UNHCR reduced its operating budget from $87 million in 1998 to $64 million in 1999 and reorientated many of its projects. Funding for shelter projects such as house reconstruction was slashed by two-thirds from $30 million to $9 million, underlining the organization’s decision to phase out emergency reconstruction programs which other agencies will now take over. Increased emphasis was placed on UNHCR ‘core’ projects such as high visibility protection programs including increased numbers of ‘house calls’ and monitoring patrols by protection officers in return areas and monitoring and strengthening court systems, the police and humanitarian institutions.

Senior program officer Kilian Kleinschmidt said UNHCR’s ‘inter-entity’ bus line program which was designed to break down barriers between the various groups by offering free transport to and from different ethnic areas will also be reshaped. In future, the buses will carry people not only internally within Bosnia but, it is hoped, to and from neighboring Croatia and Yugoslavia. Since Dayton, the fleet has carried an estimated 800,000 people annually, a success story which Kleinschmidt termed “one of our most beautiful activities.” He now hopes to replicate that on a regional basis.

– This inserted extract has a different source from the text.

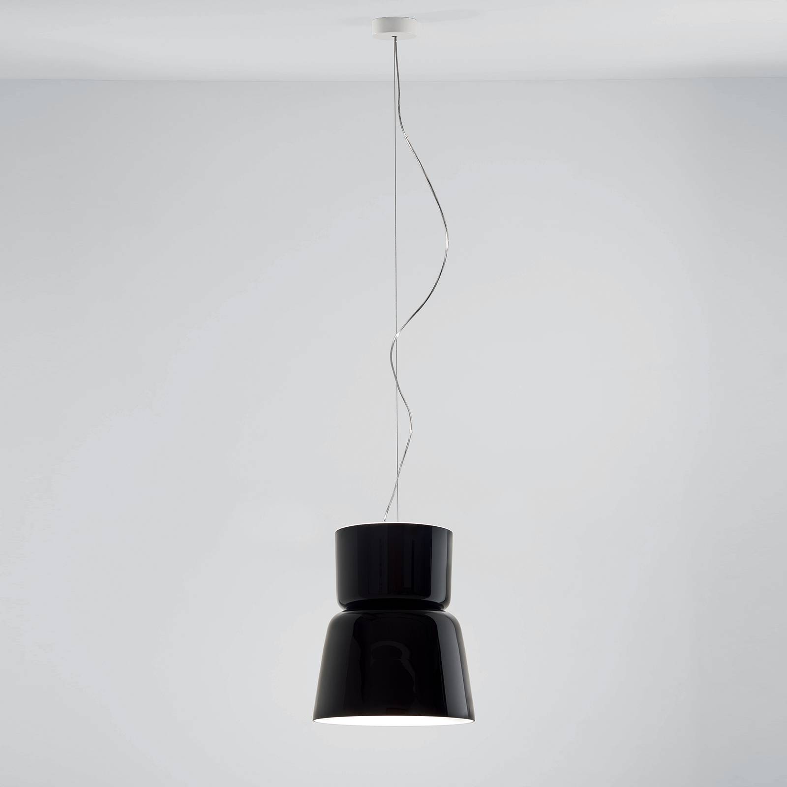 Prandina Bloom S5 závěsné světlo, černá lesklá, Obývací pokoj / jídelna, sklo, foukané, K: 42cm
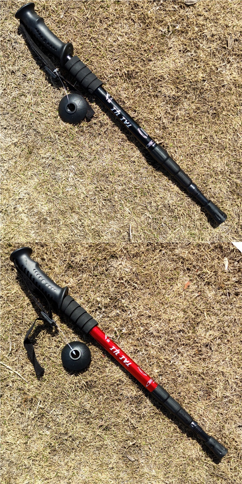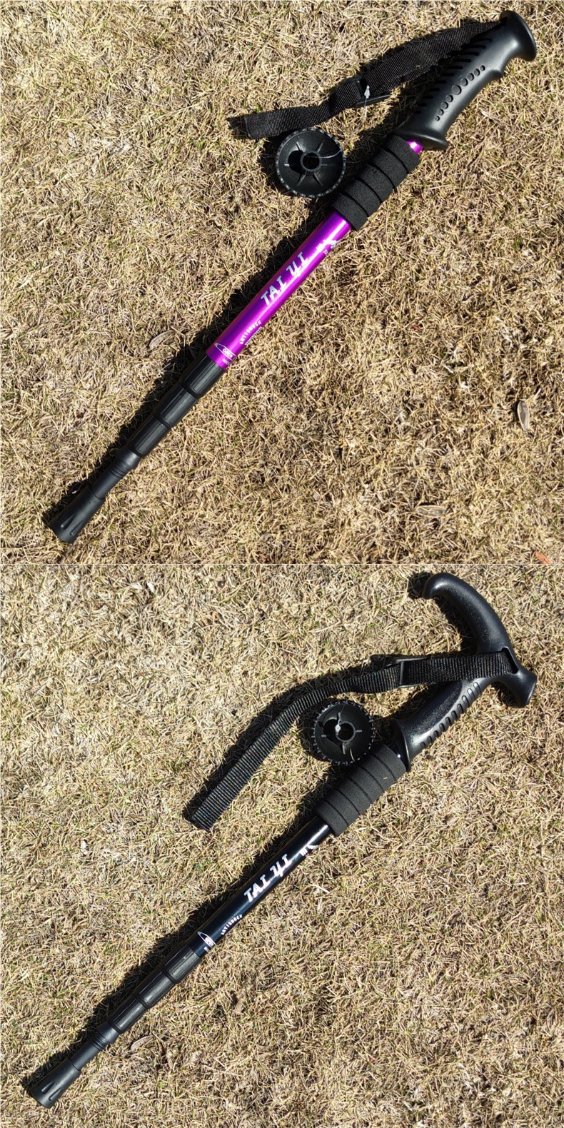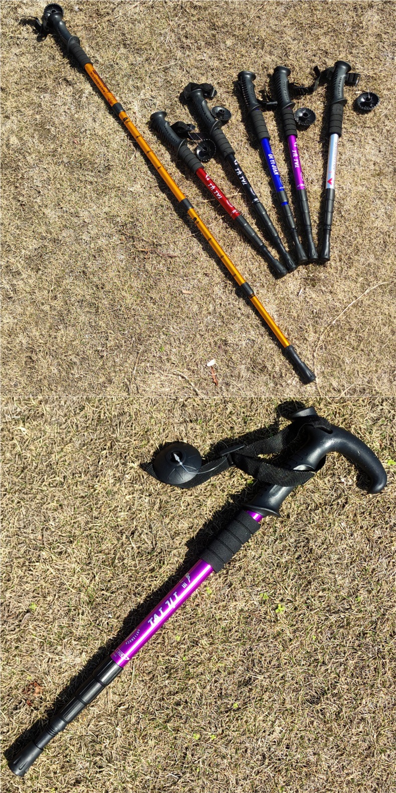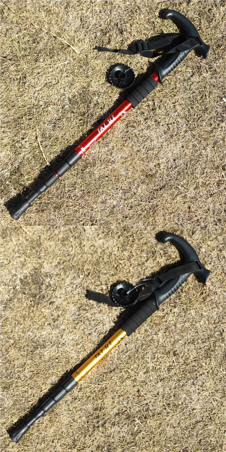 [28만개 이상의 호평] 야외 등산 스틱 4섹션 알루미늄 합금 T 핸들 곡선 핸들 직선 핸들 텔레스코픽 등산 핸들

Many field workers are convinced they are now in a race against time. Says Barry Rigby, head of UNHCR’s Bosnia operations, “This may be a defining year. It may be our last chance” to make a major impact on minority return. Some European governments are already professing a preference for ‘relocation’ rather than minority return whereby refugees would continue to be encouraged to go back to Bosnia and ‘relocate’ to majority ethnic areas rather than going to their old homes.

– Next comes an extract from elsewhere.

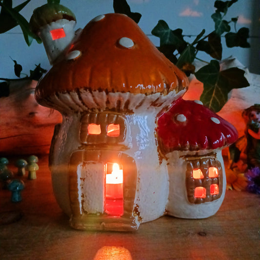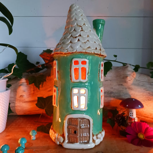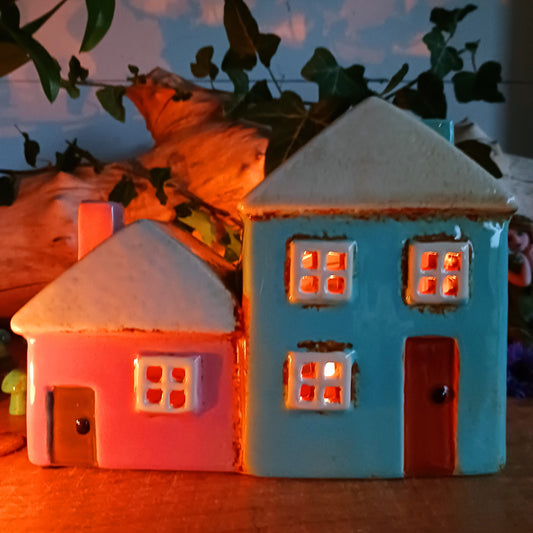 Village Pottery Pink & Aqua Two Houses Tealight Holder

Such a plan has one obvious merit; it would be far simpler to implement than trying to help hundreds of thousands of people return to areas where the local authorities now in place don’t want them and at times are willing to resort to violence to stop them. Critics argue the international community would then be complicit in supporting the basic aim of the war extremists in establishing ethnically cleansed mini-states. According to the respected International Crisis Group, Bosnia’s peace is still “built on shifting sands” and in such a situation there are no easy answers.